I acknowledge that it’s impossible to break down such an important subject in a few short paragraphs. However, the idea of hope includes characteristics we don’t often discuss. We prefer a sanitized, unburdensome definition that keeps us in a dreamland of possibility, but ignores the reality of what hope really means. If we want to gain the full measure of what hope promises, we must be willing to admit and accept all that hope demands.
Hope demands absence.
In an age where everything is instantly accessible, it’s hard to fathom this.
We assume that the simplest way to get something we want is to reach out and take it. However, hope doesn’t operate that way. In order to fully experience life, something must be kept away. If we want to have something, the only way we can truly appreciate it is when we have to wait for it. Hope will not allow itself to be Googled, manufactured, invented, replaced, or in any way, shape or form brought forth before its time. In fact, the very appearance of what we hope for is the end of hope’s existence.
Hope demands pain.
The fitness cliché, “How bad do you want it?” seems relevant here. Hope will not allow us to enjoy blissful anticipation without proving that we are willing to sense the bitterness of loss, the unavoidable tears, the pangs of longing. Pain is the prerequisite to proof that we actually want what we say we want. Otherwise, we’re cheating hope. We’re claiming that something matters, but actually our comfort matters more, and we’ll willingly trade in our hope for the immediate relief.
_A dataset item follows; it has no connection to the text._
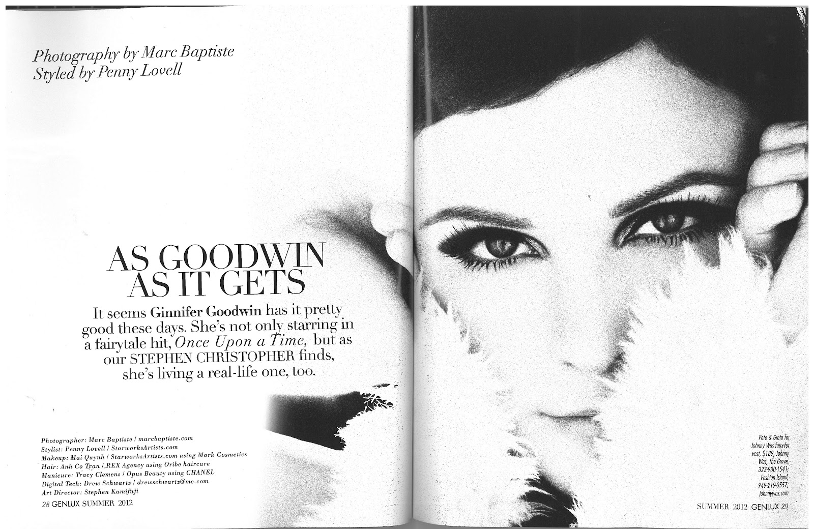 July 12, 2012 GINNIFER GOODWIN: GENLUX MAGAZINE GINNIFER GOODWIN FOR GENLUX MAGAZINE SUMMER 2012. PHOTOGRAPHY: MARC BAPTISTE, STYLED: PENNY LOVELL, MAKE UP: MAI QUYNH, HAIR: ANH CO TRAN, MANICURE: TRACY CLEMENS. Editorial, Featured Share:

Hope will not allow us the easy road. A true hope will make you ache, make you groan, make you pine away. It’s a sweet sadness, but a sadness nonetheless. Do not confuse it with self-pity, however. The pain that hope demands is one that will never become self-focused. It is always outward. The second that the pain becomes about us, it ceases to be productive.
Hope demands struggle.
To struggle is not the same as to experience pain. To feel pain is to sense the loss, to struggle is to attempt to work through it. Our actions in the midst of hope are the engine behind the power plant of life that must strain to pull every ounce of potential out of resistance. The purpose of our struggle is to make hope into a power source. The irony is that the object of our hope is powerless to do this if we don’t put in the effort ourselves. Even though God himself is the source of our hope, he makes us the catalyst. Hope doesn’t carry its own weight. It requires us to do that.
But this is not a Sisyphean effort we’re asked to undertake. Hope requires absence, pain, and struggle, but along with these things, it also provides security, authority, and a confidence that can be won in no other fashion. Hope will not and can not make us ashamed to be in its employ, given that the nature of it is first divine. Yes, we can cheapen hope if we wish by desiring lesser things, but the quality of our reward, and the resulting life we lead, is directly correlated to the value of that we hope for.
If you hope for something eternal, you will receive eternal benefits.
That begs the question – is what we want truly eternal?
Will the thing we hope for outlive us?
I repeat purely for the sake of emphasis – the quality of our reward, and the resulting life we lead, is directly correlated to the value of what we hope for.
I pray we are hoping for the right things.